Republicans call on Congress to restrain NLRB

A group of 47 House Republican lawmakers is urging the heads of Congress’ appropriations committee to restrain the National Labor Relations Board from implementing several of former President Barack Obama’s changes to labor regulations.

A letter from the GOP members of Congress argues the board, the main federal labor law enforcement agency, went too far and instituted changes that shift the balance in favor of union recruiting efforts. It asks the appropriators to include provisions in the fiscal 2018 Labor, Health and Human Services and Education budget that would block the labor board from proceeding with Obama’s changes.

“Each of the provisions would address troubling initiatives by [the NLRB] that overturn decades of well-settled law and together upset the historic and appropriate balance between employer and employee rights,” the lawmakers state. The lead author of the letter was Rep. Bradley Byrne, R-Ala., chairman of the House Education and the Workforce Committee’s subcommittee on worker protections.

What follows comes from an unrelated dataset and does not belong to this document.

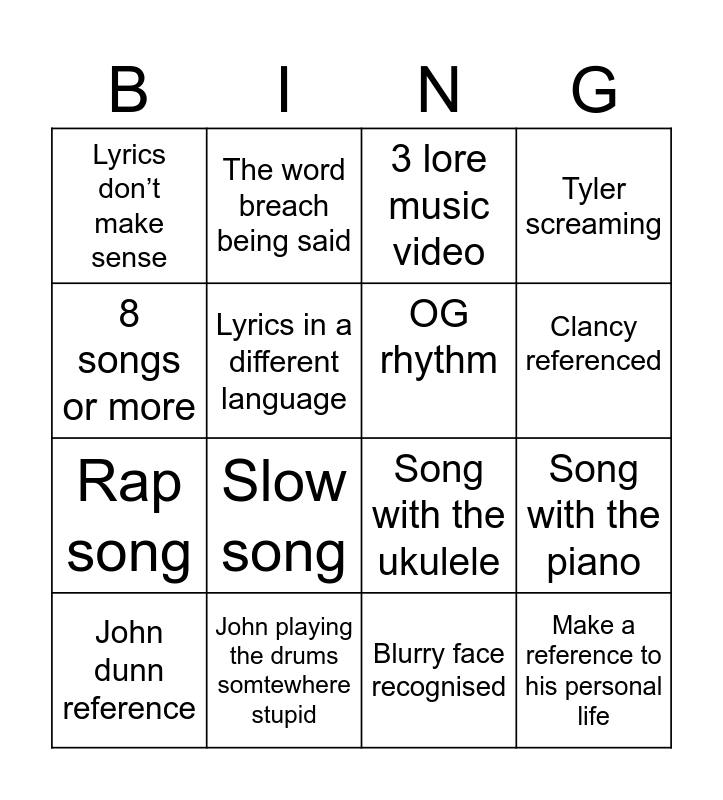 This bingo card has 16 words: John dunn reference, John playing the drums somtewhere stupid, 3 lore music video, Tyler screaming, 8 songs or more, The word breach being said, Song with the ukulele, Song with the piano, Lyrics don’t make sense, Lyrics in a different language, Blurry face recognised, Clancy referenced, Rap song, Slow song, OG rhythm and Make a reference to his personal life.

The letter cites three issues. First is the board’s efforts to expand the “joint employer” standard — when one business is legally liable for workplace violations by another business — from direct control of the other company’s workers to the much vaguer “indirect control” standard. It also cites the board’s efforts to reduce the time from when workplace organizing elections are authorized to when they are held, dubbing it the “ambush election” rule. Finally, it criticizes the board’s decision to allow unions to organize subgroups of workers rather than all employees at once, a move that allows unions to get a foothold in businesses they otherwise lack the worker support to organize.